Year(s): Channel; Program; Notes
1997: SIC; Chuva de Estrelas 4; Presenter
1997–1998: Chuva de Estrelas 5
1998: Furor
1998–1999: Chuva de Estrelas 6
1999–2000: Chuva de Estrelas 7
1999: Duetos Improvistos; Presenter, with António Victorino de Almeida
2001: SIC Notícias; Terceiro Elemento; Presenter
2001–2003: Sociedade das Belas-Artes
2002: SIC; Mentes Brilhantes
2002–2004: SIC Notícias; Oriente
2006–2016: SIC; Globos de Ouro
2006: Exclusivo SIC; Presenter, with Ricardo Pereira
SIC Notícias: Páginas Soltas; Presenter
2006–2008: SIC; Campeonato da Língua Portuguesa
2007: Família Superstar
2008: Natal de Esperança
2009: Atreve-te a Cantar
MF - Sarilhos em Casa: Presenter, with Eduardo Madeira [pt]
2010: Verdade ou Talvez Não; Presenter
Gala de Natal Arredonda
2011: Portugal Tem Talento
Peso Pesado 2
2012: Ídolos 5; Jury member
Toca a Mexer: Presenter
2013: Olé; Presenter, with José Figueiras [pt]

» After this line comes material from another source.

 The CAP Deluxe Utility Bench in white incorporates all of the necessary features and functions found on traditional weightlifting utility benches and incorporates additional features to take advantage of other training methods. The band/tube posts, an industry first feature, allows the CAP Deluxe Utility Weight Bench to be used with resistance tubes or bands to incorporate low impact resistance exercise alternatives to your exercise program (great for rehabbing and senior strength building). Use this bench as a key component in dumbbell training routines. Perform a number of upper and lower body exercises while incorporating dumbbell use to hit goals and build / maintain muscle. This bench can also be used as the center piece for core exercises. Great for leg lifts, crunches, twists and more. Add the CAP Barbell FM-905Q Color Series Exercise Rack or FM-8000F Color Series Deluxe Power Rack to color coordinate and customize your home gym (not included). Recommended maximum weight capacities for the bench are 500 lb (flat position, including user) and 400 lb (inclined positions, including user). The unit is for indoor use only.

2013–2014: Factor X 1; Presenter, with João Manzarra
2014: O Poder do Amor; Presenter
2015: Peso Pesado: Teen
2017: E agora o que é que eu faço?
2018: Queridas Manhãs - Regresso às Aulas
2020: 24 Horas de Vida
Central de Natal: Participant
2021 / 2022: Estamos em Casa; Presenter
Júlia: Presenter, in the absence of Júlia Pinheiro [pt]
2021–2022: Alô Marco Paulo; Presenter, alongside Marco Paulo, in the absence of Ana Marques [pt]

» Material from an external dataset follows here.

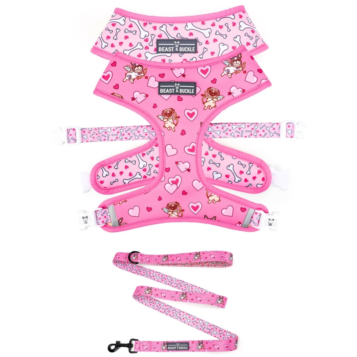 Save money when you grab the Puppy Love harness and leash bundle! Designed to match each other perfectly, this combo will have other dogs doing double-takes when you walk by.

2021: Alô Portugal; Presenter, alongside José Figueiras, in the absence of Ana Marques
A Máscara 3: Competitor
2022: Cantor ou Impostor?')
2022–2024: SIC Mulher; Irresistível; Presenter
2023: SIC; SIC 30 Anos - É Bom Vivermos Juntos; Participation
Sangue Oculto: Special participation
2024: SIC Mulher; Temos de Falar; Presenter, with Ana Galvão [pt] and Ana Garcia Martins [pt]
SIC: Hell's Kitchen - Famosos (2nd season); Competitor

=== TVI ===
- Passaporte
- Primeira Fila
- Novo Jornal

===Theatre===
Guimarães debuted in theatre on 21 November 2016, playing the role of Ava Gardner at A Barraca theatre in Lisbon.